We’re never quite sure of where we will be taken next, never certain what a character might do, or where the conversation may swerve. This surreal unpredictability Iñárritu has cultivated elevates interactions that may have been more pedestrian in the hands of a less skilled director (‘why did we break up?’ Riggan asks his ex-wife Sylvia (Amy Ryan), for instance. ‘Because you threw a kitchen knife at me’ she replies). This comes to a head in the film’s maddeningly tense climax (and one of the greatest scenes I have seen on screen in a long time); if your fists aren’t balled up in anticipation as Riggan pounds on the door of that stage, there may be something medically wrong with you.
Speaking of elevation, there’s also the small matter of the levitating and such. Riggan’s apparent powers of telekinesis and flight – be they real or not – may be too much for some viewers to grasp, but simply suspending that disbelief and flying through New York with our beleaguered protagonist is endlessly more enjoyable than demanding an explanation for it.

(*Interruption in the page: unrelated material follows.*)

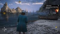 Player-versus-player and player-versus-environment events (PvP and PvE) also appear regularly on the servers. Here we can sink a legendary captain’s ship with other players, stop an armada of the Dutch Merchant Compagnie (DMC) or fight against each other for a legendary treasure. Only here and in the Helm trips can we damage other players’ ships – unlike in the beta, where we could be attacked anywhere. In the past few weeks, we can count on one hand the number of times other players have joined such a world event. Since matchmaking doesn’t always put you on a server with similarly leveled players, you can often find yourself hopelessly outnumbered in the legendary treasure hunt. If you die, you can be respawn directly at sea for a fee or at the last docked port. This doesn’t always work well: When we played the final mission, at times our progress was reset and at other times we were able to continue the battle. We were only able to complete individual missions after restarting the game because the corresponding interaction symbol simply wouldn’t appear. Other glitches from the beta regarding missing prompts for digging up treasure or over exposed cutscenes could apparently be fixed (see pictures 1 and 2 below). However, we did not detect any crashes or server problems. Speaking of interaction: The game supports cross-platform play and you can transfer your save game across all supported systems. Even in a group, we can only communicate with other players by using map markers and on-deck fireworks. The in-game text chat has not been available since the final beta started and a voice chat is not available.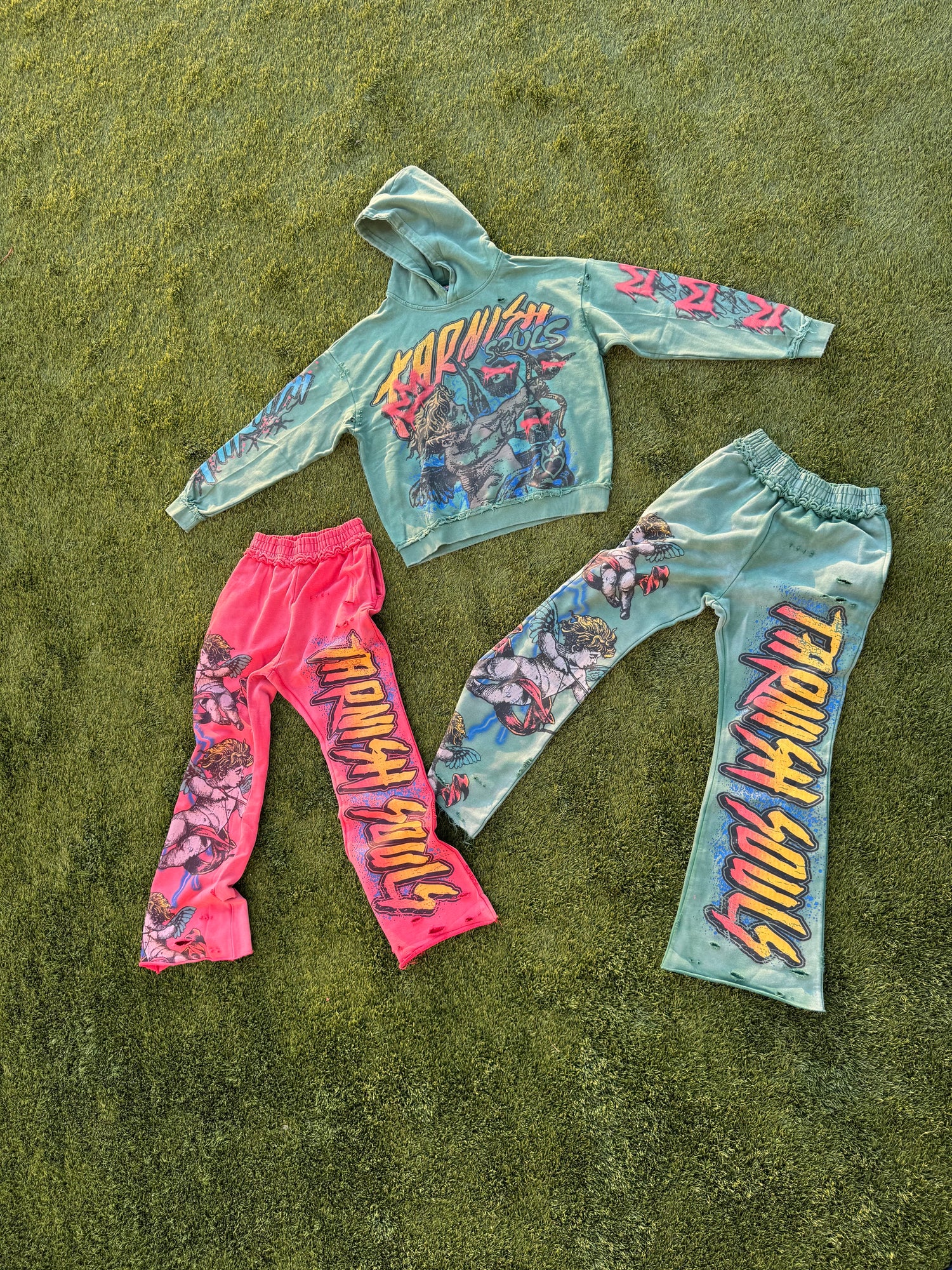 Elevate your streetwear game with Tarnish Souls’ Red Joggers. Crafted for a vintage vibe, these joggers feature distressed rips and tears, combined with a unique acid wash finish. The joggers also boast distinctive backward threading on the top, adding an extra edge to your look. Perfect for those who embrace the struggle and style

Yet alongside this strand of magic realism, the film poses numerous questions about real modern life, about the nature of art and fame in a world in which the Internet is king. After Riggan is filmed pacing through Times Square in his pants after being locked out of the theatre (he is clothed for most of the movie, I promise), Sam shows him that the video has gone viral. ‘Believe it or not, this is power’, she tells him, and we know it to be true.
But where does real power for Riggan lie? In Broadway or in Birdman? With commercial success or cultural integrity? The movie itself seems to have performed that rare feat of combining both; I saw the film in my hometown’s cinema, which usually offers much more mainstream fodder, so to see such a packed screening watching something so unorthodox was a heartening sight. Rarely does a film so dizzyingly and delightfully odd make such an impression on the commercial market, so go out and see it before it’s too late. You’ll laugh, you’ll cry, you’ll believe a man can fly (you might get a headache too, but you’ll be happy about it). Whether Riggan succeeds or not, you’ll have to watch to see. But Iñárritu? Well, he may have just ascended.